**What to do**
Word for word, copy the data that follows and skip its pictures.

**Collected material**
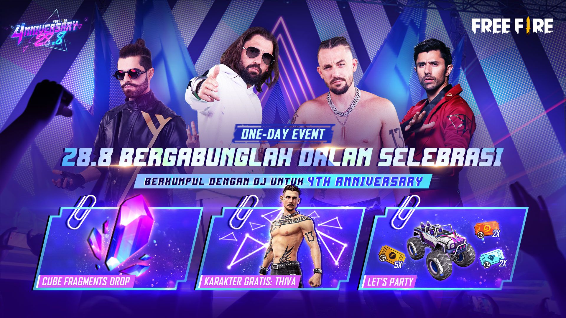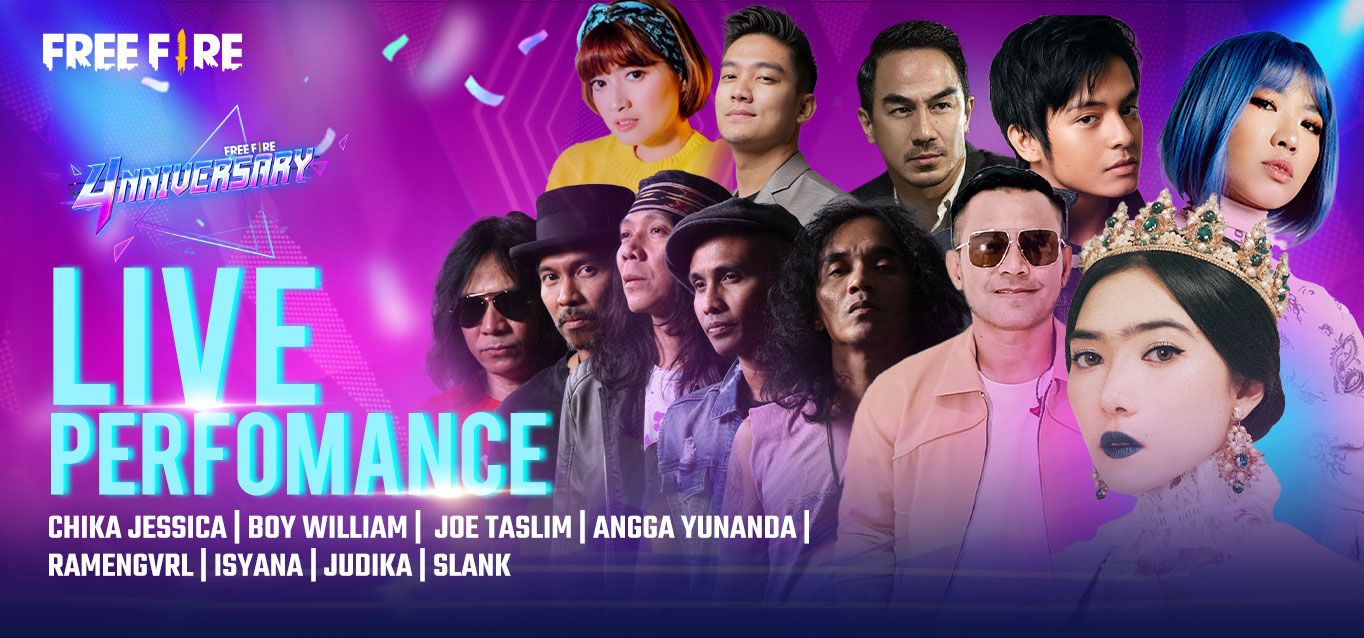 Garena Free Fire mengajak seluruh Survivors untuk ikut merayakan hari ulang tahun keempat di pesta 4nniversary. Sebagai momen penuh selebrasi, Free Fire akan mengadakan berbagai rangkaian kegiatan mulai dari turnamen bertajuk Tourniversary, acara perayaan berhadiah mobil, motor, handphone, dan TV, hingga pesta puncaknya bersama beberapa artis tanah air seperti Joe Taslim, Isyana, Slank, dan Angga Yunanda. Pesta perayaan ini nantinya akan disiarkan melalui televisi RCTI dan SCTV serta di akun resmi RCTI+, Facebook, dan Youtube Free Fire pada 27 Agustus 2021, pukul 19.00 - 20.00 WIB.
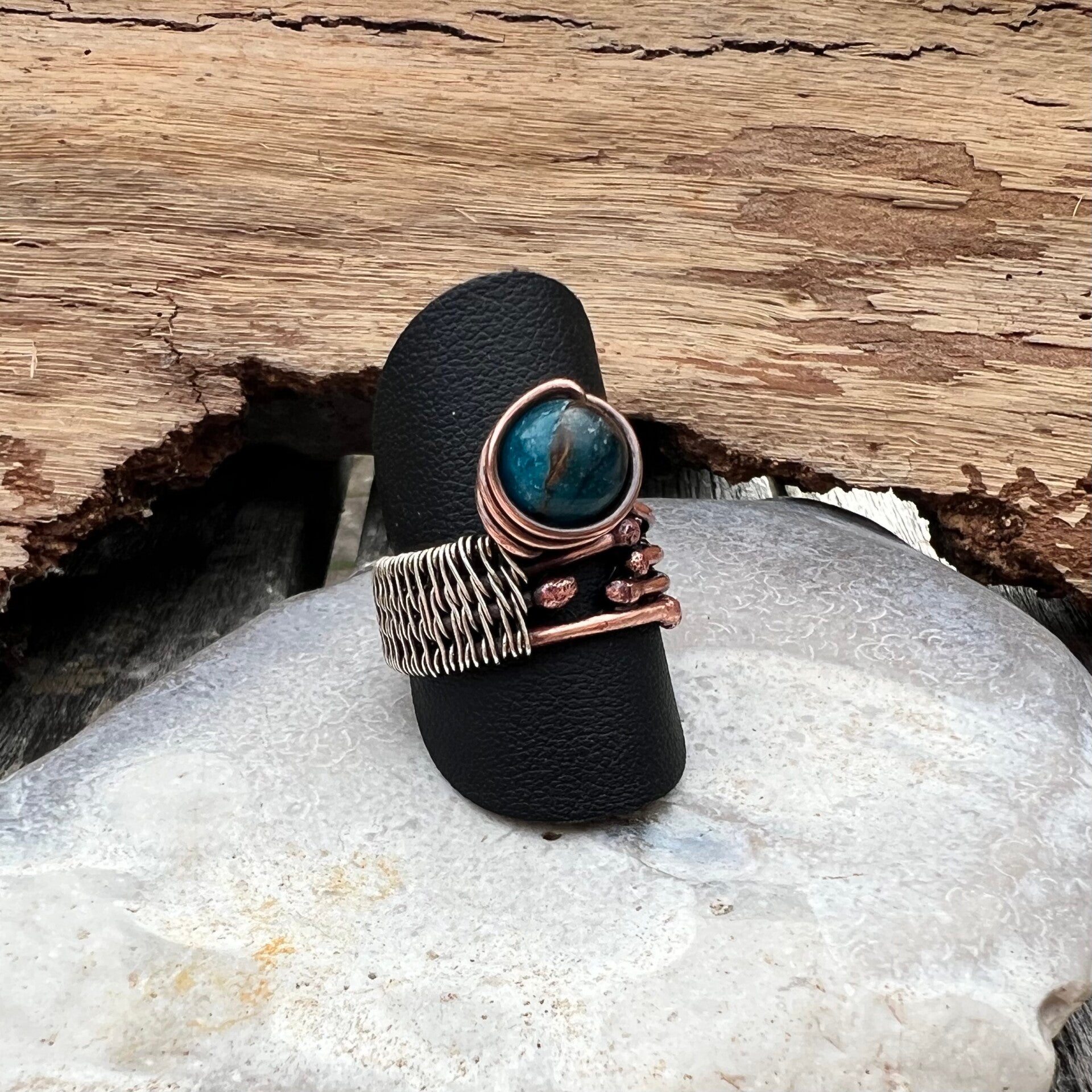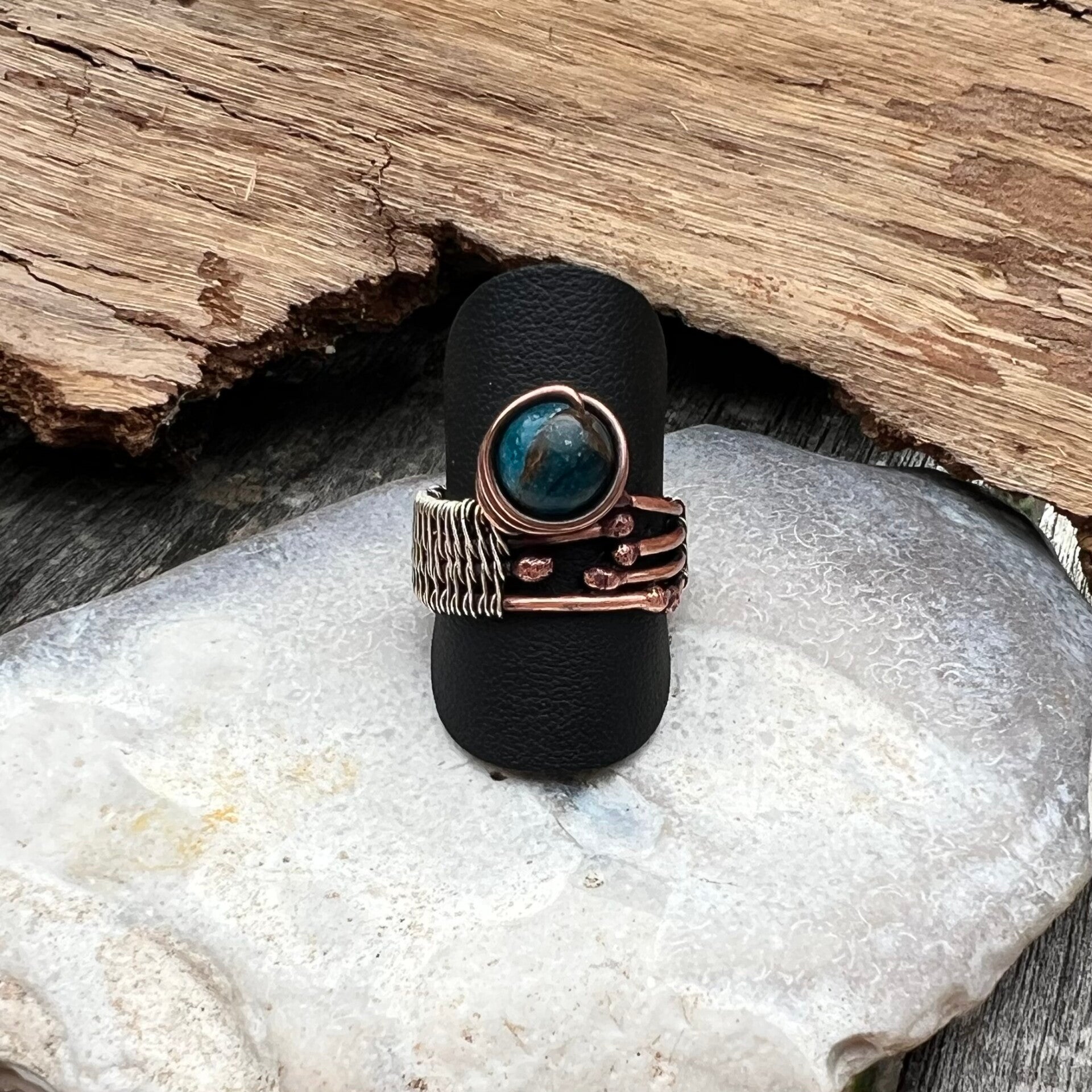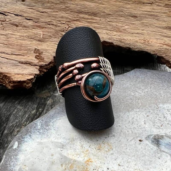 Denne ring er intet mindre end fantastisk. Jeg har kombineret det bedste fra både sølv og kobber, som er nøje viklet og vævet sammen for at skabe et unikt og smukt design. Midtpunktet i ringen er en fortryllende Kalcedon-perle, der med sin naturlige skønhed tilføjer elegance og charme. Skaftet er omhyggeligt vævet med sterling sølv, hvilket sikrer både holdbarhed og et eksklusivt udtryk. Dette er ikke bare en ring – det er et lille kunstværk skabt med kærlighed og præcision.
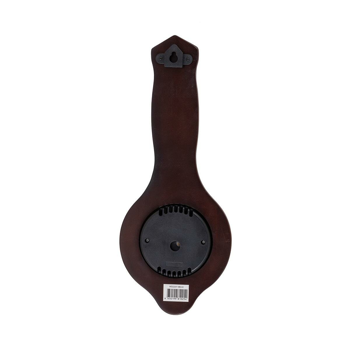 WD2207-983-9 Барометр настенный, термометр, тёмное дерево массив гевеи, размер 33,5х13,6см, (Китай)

**Written answer**
 Garena Free Fire mengajak seluruh Survivors untuk ikut merayakan hari ulang tahun keempat di pesta 4nniversary. Sebagai momen penuh selebrasi, Free Fire akan mengadakan berbagai rangkaian kegiatan mulai dari turnamen bertajuk Tourniversary, acara perayaan berhadiah mobil, motor, handphone, dan TV, hingga pesta puncaknya bersama beberapa artis tanah air seperti Joe Taslim, Isyana, Slank, dan Angga Yunanda. Pesta perayaan ini nantinya akan disiarkan melalui televisi RCTI dan SCTV serta di akun resmi RCTI+, Facebook, dan Youtube Free Fire pada 27 Agustus 2021, pukul 19.00 - 20.00 WIB.
 Denne ring er intet mindre end fantastisk. Jeg har kombineret det bedste fra både sølv og kobber, som er nøje viklet og vævet sammen for at skabe et unikt og smukt design. Midtpunktet i ringen er en fortryllende Kalcedon-perle, der med sin naturlige skønhed tilføjer elegance og charme. Skaftet er omhyggeligt vævet med sterling sølv, hvilket sikrer både holdbarhed og et eksklusivt udtryk. Dette er ikke bare en ring – det er et lille kunstværk skabt med kærlighed og præcision.
 WD2207-983-9 Барометр настенный, термометр, тёмное дерево массив гевеи, размер 33,5х13,6см, (Китай)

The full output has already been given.